In the course of this adaptation, the young girl Ellen, with whom the first-person narrator (not yet Old Shatterhand ) falls in love, became the boy Harry, younger than Ellen. However, May was unable to eradicate all references to the love story, which is why the edited version looks a bit strange in places. Winnetou's figure is also depicted in a less barbaric way. In the original version he scalps his dead enemies without hesitation and eats the stub of a cigar that has been smoked.

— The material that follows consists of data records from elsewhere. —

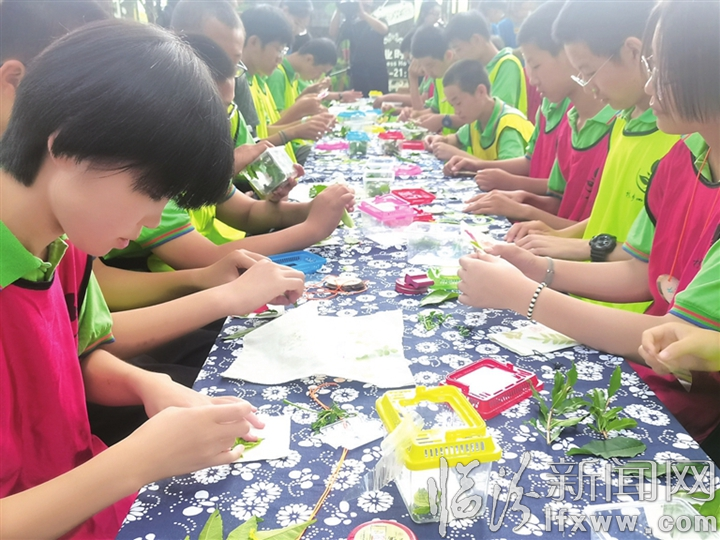 臨汾新聞網訊 8月17日,襄汾縣研學旅行營地推介直播活動第八場在林鄉四季自然教育研學營地開播。該營地是一個集創意農業、循環農業、農事體驗為一體的田園綜合體。營地充分發揮莊園主題特色,以自然教育、晉南農耕文化為主要研學內容,讓學生們在感受、體驗中獲得成長。圖為學生們正在體驗草木拓染。
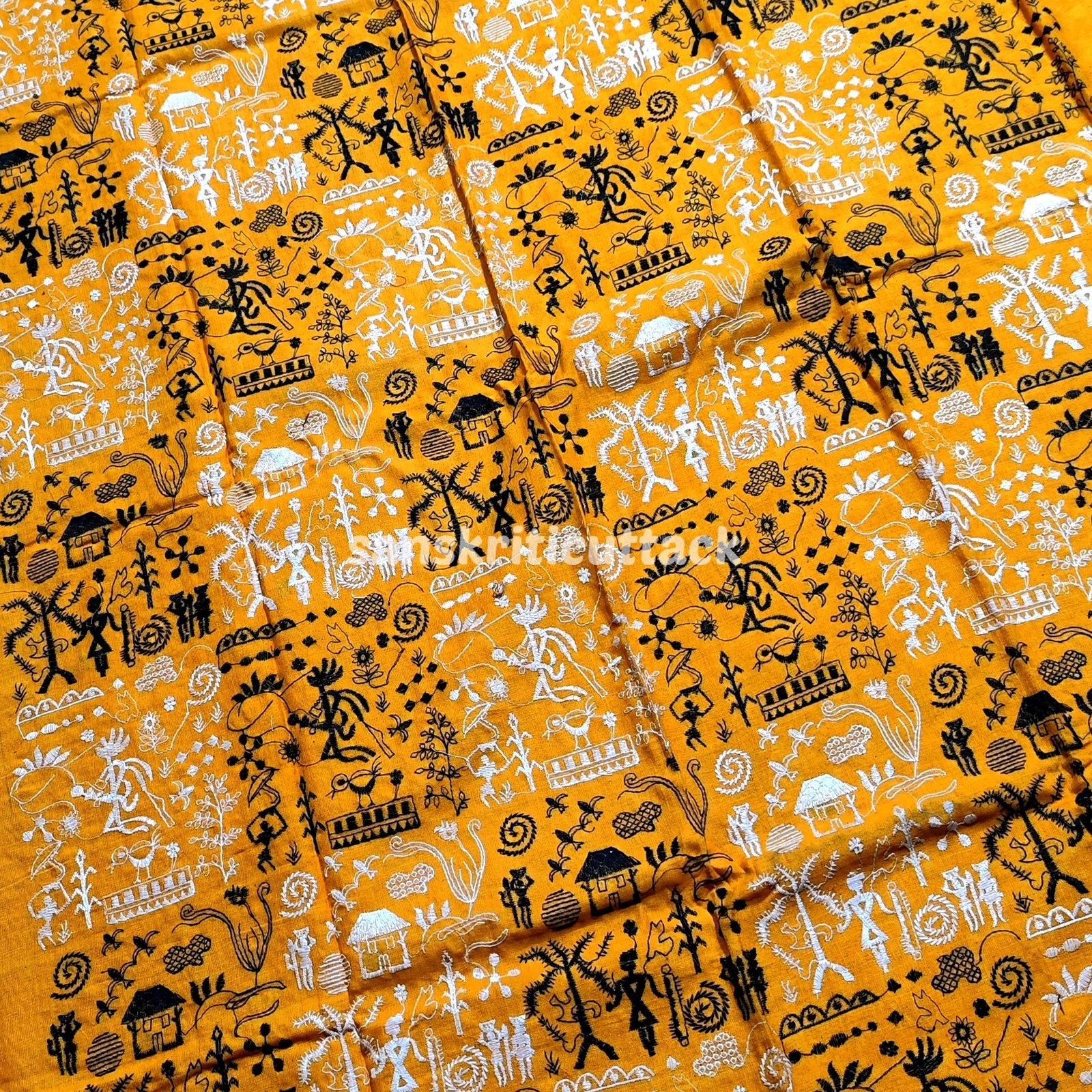 Step into the world of timeless elegance with our Yellow Black Embroidery Nuapatna Handloom Cotton Dress Material. Crafted by the skilled master weavers of Nuapatna, Odisha, this 3-piece suit material set is a true embodiment of tribal artistry and fine quality.
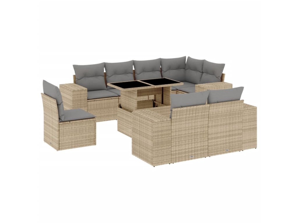 9dílná zahradní sedací souprava s poduškami béžová polyratan 3269299
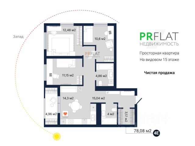 Экслюзивное предложение, звоните! В чистой продаже просторная функциональная 4Е квартира по адресу ул. Мологвардейцев, дом 1 (ЖК М1, микрорайон Уктус). Квартира общей площадью 78 кв. м с учетом лоджии: большая кухня-гостиная - 29,34 кв. м с выходом на лоджию 5 кв. м, три светлых спальни - 10,6 кв. м, 11,15 кв. м и 12,5 кв. м, удобный коридор (15 кв. м) с гардеробной - 3,2 кв. м, а также две ванные комнаты оптимальных размеров - 4 кв. м и 4,86 кв. м. Отделка - под чистовую, можно воплотить в жизнь все желаемые дизайнерские идеи Окна на две стороны - юго-запад и северо-запад. Расположена квартира на видовом 15 этаже, из окон открывается панорама на район, включая Нижне-Исетский пруд. В доме комфортные современные подъезды. Есть подземный паркинг. ЖК М1 - комплекс комфорт-класса, сдан во втором квартале 2025 года. Дом расположен в микрорайоне с развитой социальной и общественной инфраструктурой. В шаговой доступности: супермаркеты, магазины, кофейни, Жизньмарт, а также школа 300 (ДЮСШ Старт, студия иностранных языков) и детский сад 16. Рядом - набережная Нижне-Исетского пруда. Остановки общественного транспорта - в нескольких минутах ходьбы. Оформление: чистая продажа, квартира без обременений, продается по договору купли-продажи. Быстрый выход на сделку, возможна ипотека на вторичку любого банка, предоставим скидку - 0,3% по ипотеке Сбера. С удовольствием рассмотрим покупателя со 100% оплатой или ипотекой любого банка с первоначальным взносом. Покупка данной квартиры от РR FLАТ недвижимость даёт ряд преимуществ: + одобрение ипотеки под этот объект - оперативно и бесплатно; + электронная регистрация сделки в офисе агентства; + комфортное и внимательное сопровождение сделки; + РR FLАТ недвижимость - надежный партнер Уральской палаты недвижимости. !Если вы владелец недвижимости - обращайтесь к нам, также достойно представим, прорекламируем и выгодно продадим ваш объект! /Коллеги риэлторы и другие пользователи Циан, просьба не копировать авторское описание объекта, а также фото и планировку. Материалы созданы нашей компанией и согласно закону: авторское право в сети интернет защищает любые виды контента - тексты, изображения, фото, дизайн, графику/ Реальное предложение), запись на просмотр по телефону в объявлении, звоните!
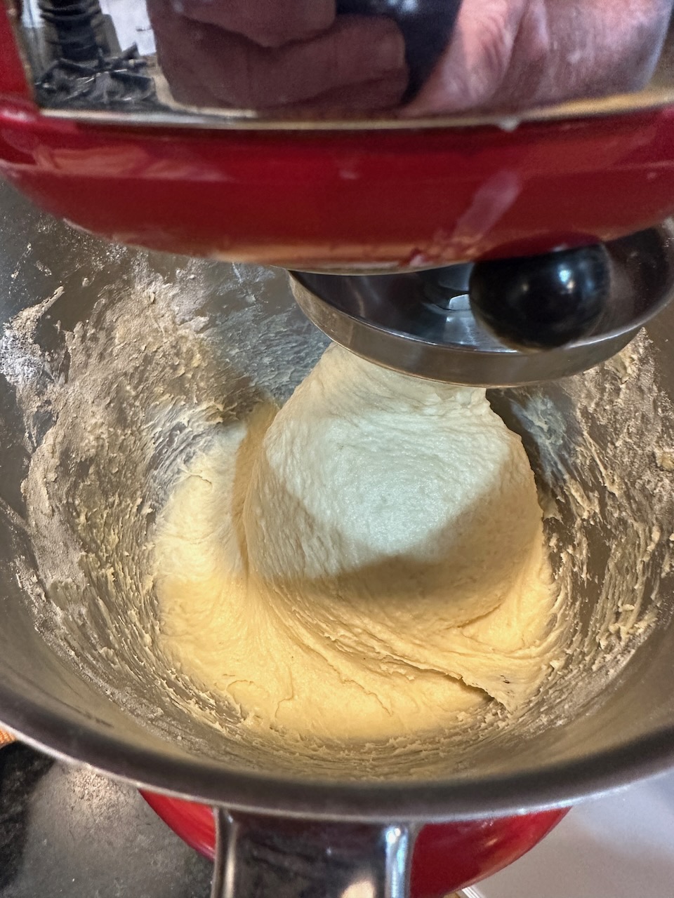 - Combine all of the dough ingredients in the bowl of a stand mixer. Using the paddle attachment, mix until the ingredients are well combined.
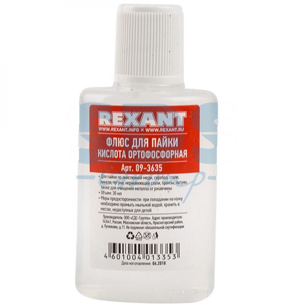 Флюс для пайки кислота ортофосфорная 30 мл REXANT предназначен для удаления оксидов с поверхности под пайку, улучшения растекания жидкого припоя при пайке по окисленной меди, по чёрному металлу или нержавеющей стали. Кроме того, часто используется для очистки от ржавчины металлических поверхностей, образуя на обработанной поверхности защитную плёнку, предотвращая дальнейшую коррозию.
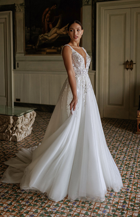 Роскошное свадебное платье с многоярусной юбкой
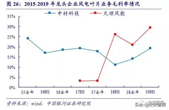 叶片市场景气,销量实现高增长。以叶片龙头中材科技为例,截至2019年中报,公司风电叶片业务合计销售3201MW,销售收入为19.8亿,同比增长134.53%;毛利率达到19.12%,同比增长7.95pct,环比增长5.08pct。
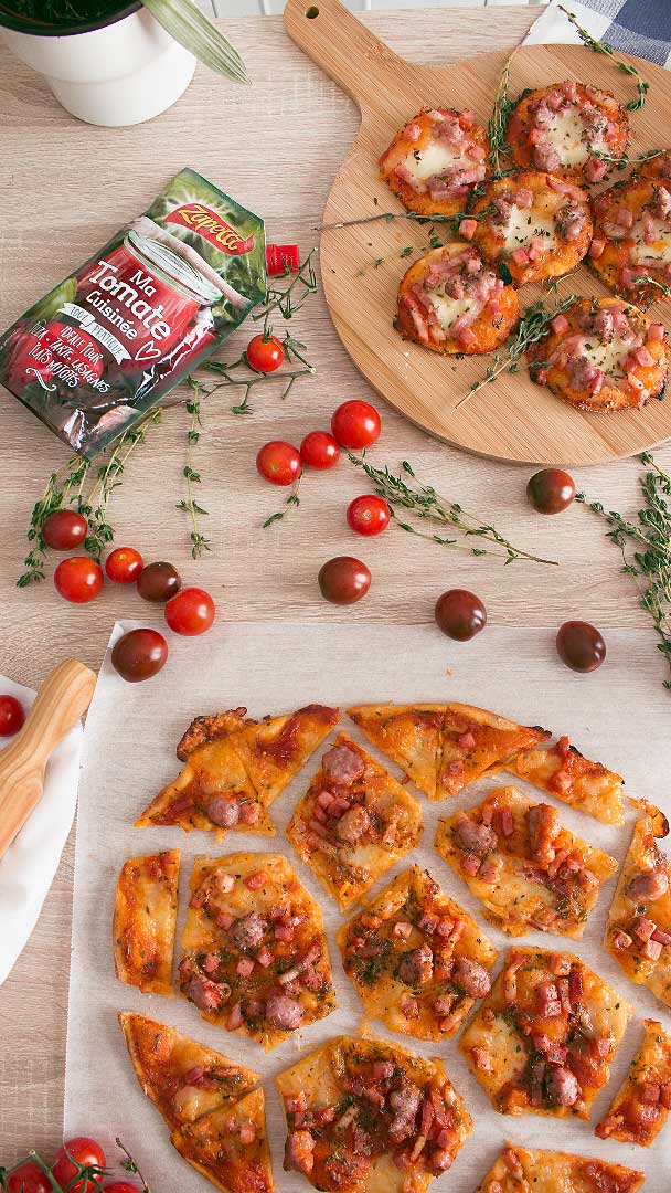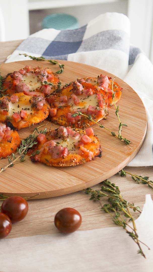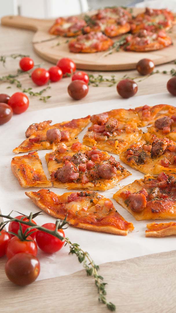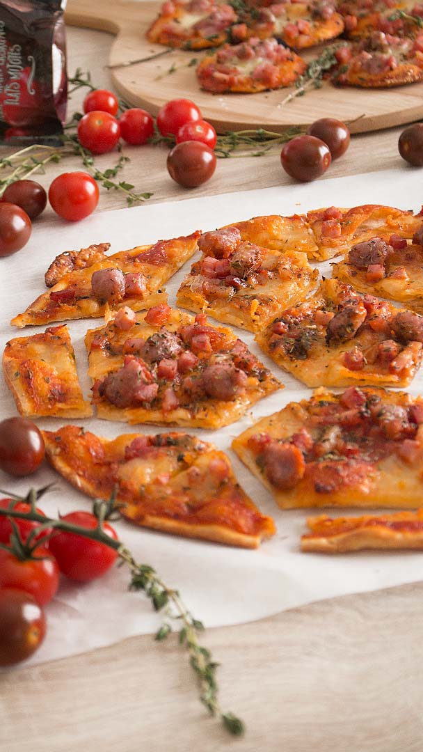 7. Partimos la pizza en forma de balón (opcional), también podemos hacer mini pizzas como veis en la foto.

In 1893 May included this edited version as an Old Firehand adventure in the book edition of Winnetou II .

Others

  • The mention of the wedding, which took place a little later, does not come from May, but from the editor of the above-mentioned compilation T.
  • There is a cross-reference to the story The Oil Prince ( I knew this terrible phenomenon because I had seen it in all its horror in Kanawhathale ... ).

Settings

There are four radio play productions of the material:

  • Old Firehand (1966) by Kurt Vethake (Philipps, barrel, carousel)
  • Old Firehand (1975) by Kurt Stephan (various labels)
  • Old Firehand (1975) by Heikedine Körting ( Europe )
  • Old Firehand (2015) by Dirk Hardegen, Ohrenkneifer

The existence of a Firehand adaptation from 1935 is known from program notes. The radio play itself has not been preserved.

literature

  • Hainer Plaul: Illustrated Karl May Bibliography. With the participation of Gerhard Klußmeier . Edition Leipzig 1988. ISBN 3-361-00145-5 (or) KG Saur Munich – London – New York – Paris 1989. ISBN 3-598-07258-9
  • Hartmut Kühne: The May stories in the "German Family Gazette". In: Karl May: Old Firehand. Rare original texts Volume 3. Reprint of the Karl May Society 2003, pp. 9–27, especially pp. 15–21 and 25–27. ( Online version )
  • Wilhelm Vinzenz, Jürgen Wehnert: "Old Firehand" and the big "T." In search of a mysterious collection. In: Karl-May-Welten II. Karl-May-Verlag Bamberg-Radebeul 2007, pp. 13-23. ISBN 3-7802-3025-9

Web links

Individual evidence

  1. Plaul / Klußmeier, p. 24 f., No. 22.
  2. Kühne, p. 24.
  3. Vinzenz / Wehnert, pp. 13–23; see. Plaul / Klußmeier, p. 21, No. 8.
  4. http://www.karl-may-wiki.de/index.php/Humoresken_und_Erzählungen
  5. Plaul / Klußmeier, pp. 259 f., No. 350; Pp. 289-291, No. 397 and pp. 319 f., No. 446.
  6. http://www.karl-may-wiki.de/index.php/Ellen
  7. http://www.karl-may-wiki.de/index.php/Emery_Forster
  8. http://www.karl-may-wiki.de/index.php/Parranoh
  9. http://www.karl-may-wiki.de/index.php/Teufelspass-Syndrom
  10. Vinzenz / Wehnert, p. 20.
  11. Jenny Florstedt: "Old Firehand" radio plays: Extension of the chronology - at both ends . In: Karl May in Leipzig No. 102, 2015.